• _Problem statement_:
The material below contains a line with "olive check polyester blazer" and a line with "upgrade to handcrafted". Copy exactly those two lines and all lines between them.

• _Provided data_:
╔══

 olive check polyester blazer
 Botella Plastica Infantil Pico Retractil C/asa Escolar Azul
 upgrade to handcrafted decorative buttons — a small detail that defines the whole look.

╚══
╔══

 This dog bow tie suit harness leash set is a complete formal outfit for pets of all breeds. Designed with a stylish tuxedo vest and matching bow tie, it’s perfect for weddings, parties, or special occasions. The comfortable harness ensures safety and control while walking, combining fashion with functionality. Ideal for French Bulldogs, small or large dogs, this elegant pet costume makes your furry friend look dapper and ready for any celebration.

╚══
╔══

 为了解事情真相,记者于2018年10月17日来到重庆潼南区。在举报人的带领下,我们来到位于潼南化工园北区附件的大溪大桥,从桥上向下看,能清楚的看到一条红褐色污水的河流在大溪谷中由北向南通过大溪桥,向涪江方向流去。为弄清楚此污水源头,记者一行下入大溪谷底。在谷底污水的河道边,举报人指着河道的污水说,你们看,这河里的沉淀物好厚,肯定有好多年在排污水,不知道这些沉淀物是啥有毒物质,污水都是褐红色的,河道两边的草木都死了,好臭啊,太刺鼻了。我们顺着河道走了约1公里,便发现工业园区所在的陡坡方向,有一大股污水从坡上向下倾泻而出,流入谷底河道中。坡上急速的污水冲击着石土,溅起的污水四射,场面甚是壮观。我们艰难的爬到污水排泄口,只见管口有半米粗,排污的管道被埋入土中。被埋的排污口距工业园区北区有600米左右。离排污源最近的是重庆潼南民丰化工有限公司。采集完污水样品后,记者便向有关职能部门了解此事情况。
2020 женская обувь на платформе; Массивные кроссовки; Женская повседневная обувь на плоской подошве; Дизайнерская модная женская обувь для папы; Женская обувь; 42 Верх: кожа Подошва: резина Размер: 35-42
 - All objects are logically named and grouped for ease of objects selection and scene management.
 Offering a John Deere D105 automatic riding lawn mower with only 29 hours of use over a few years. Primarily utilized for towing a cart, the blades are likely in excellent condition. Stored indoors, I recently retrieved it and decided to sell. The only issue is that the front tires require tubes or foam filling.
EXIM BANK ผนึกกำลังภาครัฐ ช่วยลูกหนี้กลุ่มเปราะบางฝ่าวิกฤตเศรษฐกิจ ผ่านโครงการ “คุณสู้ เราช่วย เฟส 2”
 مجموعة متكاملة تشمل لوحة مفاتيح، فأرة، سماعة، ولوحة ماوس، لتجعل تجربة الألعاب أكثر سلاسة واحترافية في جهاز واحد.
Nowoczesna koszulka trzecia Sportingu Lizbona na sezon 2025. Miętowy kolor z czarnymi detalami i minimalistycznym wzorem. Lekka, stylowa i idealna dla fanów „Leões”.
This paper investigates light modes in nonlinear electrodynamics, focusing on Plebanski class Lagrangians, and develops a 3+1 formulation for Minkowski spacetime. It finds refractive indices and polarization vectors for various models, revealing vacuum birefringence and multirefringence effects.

╚══

• _Answer box_:
 olive check polyester blazer
 Botella Plastica Infantil Pico Retractil C/asa Escolar Azul
 upgrade to handcrafted decorative buttons — a small detail that defines the whole look.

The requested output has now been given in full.